A kitten has tested positive for rabies in the city of Rome, according to an announcement by the Oneida County Health Department.
The kitten was sent to the state Department of Health Wadsworth Center Laboratory in Albany for testing on Thursday, and positive results were reported on Friday, according to the Rome Sentinel.
Multiple adults and pets were exposed to the kitten, and are receiving appropriate treatment, said Oneida County Health Department officials. No further information was given about the kitten or how other people and animals were exposed.
The Health Department issued the following advice about rabies and animals — including pets:
*Signs of rabies include: Animal acting strangely; animal acting mad; animal acting shy – the animal may get unusually close; and drooling or foaming from the mouth.
*If anyone sees an animal, wild or stray, with these signs, they should not approach it and stay away. If any animal is acting strangely, call a local animal control officer for help.
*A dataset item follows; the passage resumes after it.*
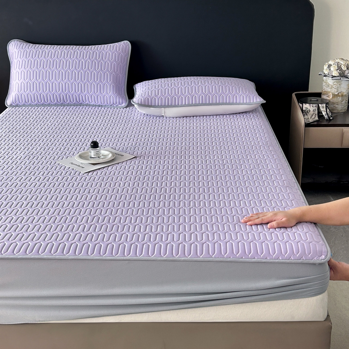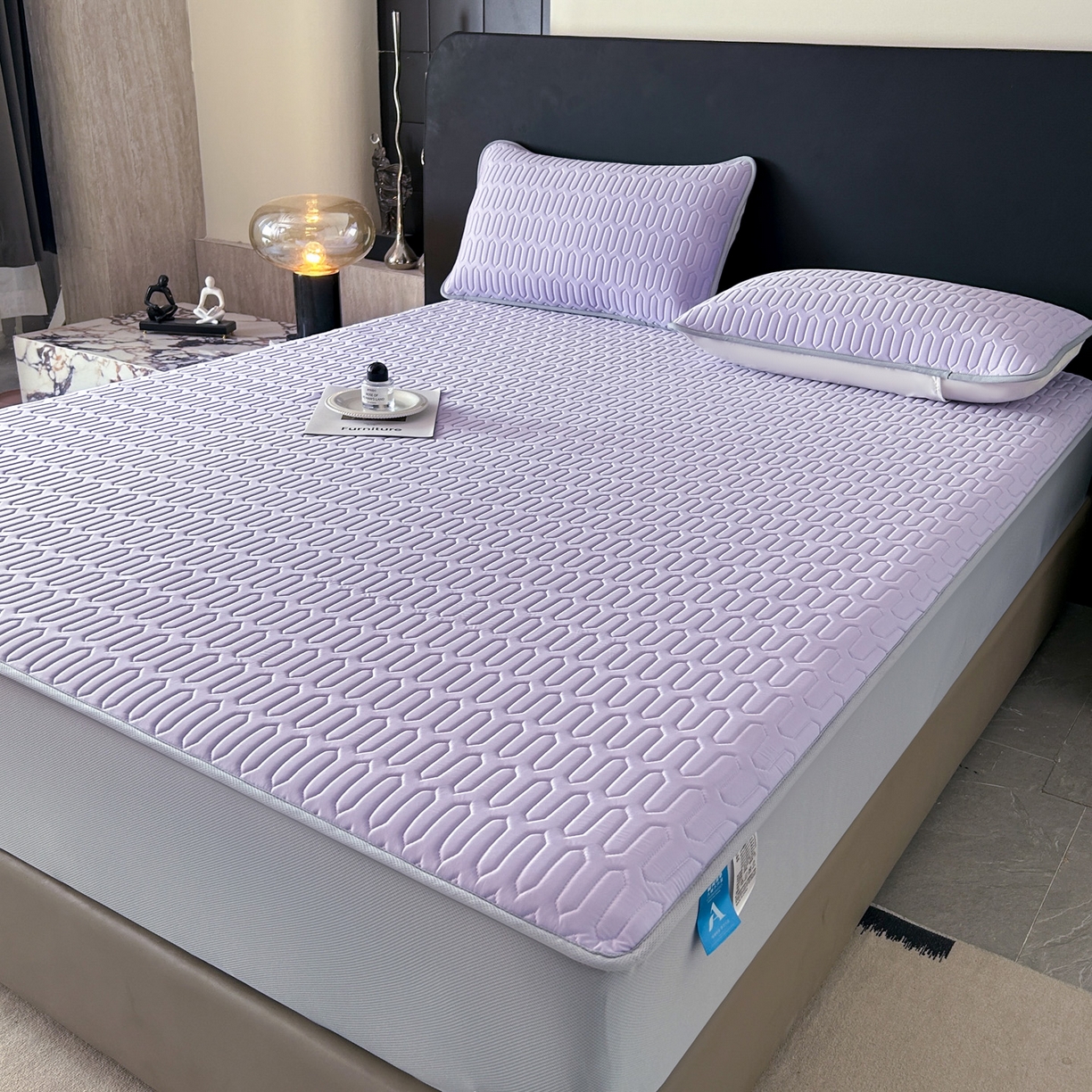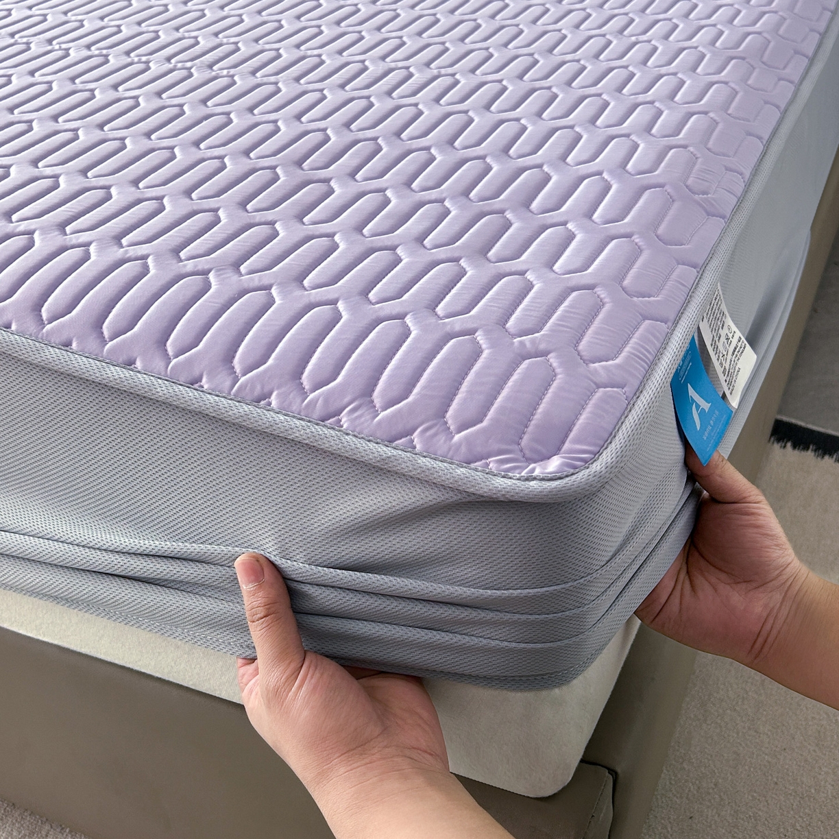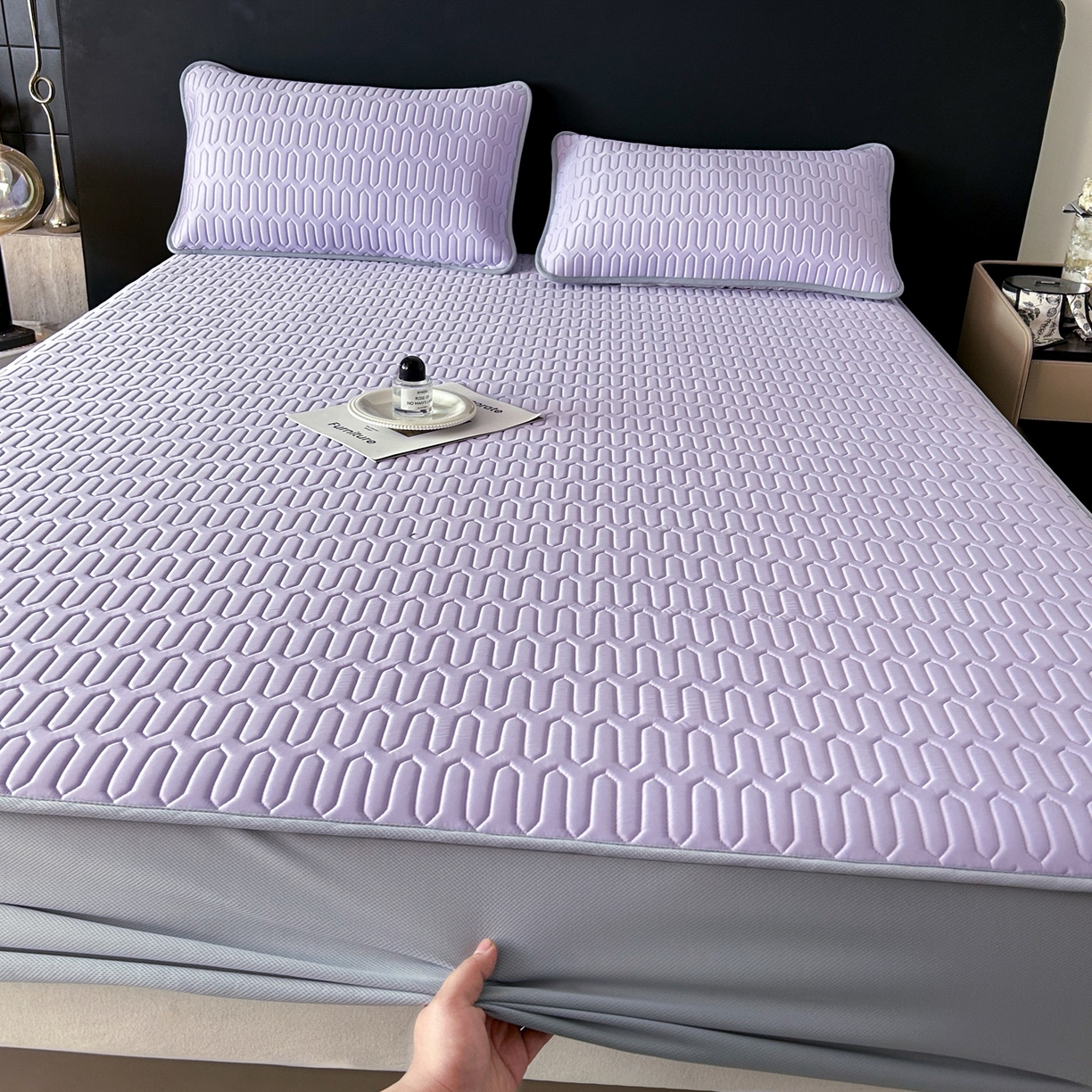 > 莱登卡奴 2026春夏新款A类冰淇淋凉感丝氨纶夹棉聚氨酯单床笠 床笠单件曲纹系列-曲纹系列 曲纹-浅紫

*Residents are strongly urged to not approach animals that they do not know. For the safety of pets and the convenience of county residents, the Oneida County Health Department offers Rabies Vaccination Clinics throughout the year in various community locations.
Vaccination recommendations for pets:
• All cats, dogs, and ferrets age three-months or older must have a current rabies vaccination, even if they stay indoors.
• Dogs and cats must receive a rabies vaccination at 3-months-old, one year, and then once every three years.
• Ferrets must receive a rabies vaccination every year.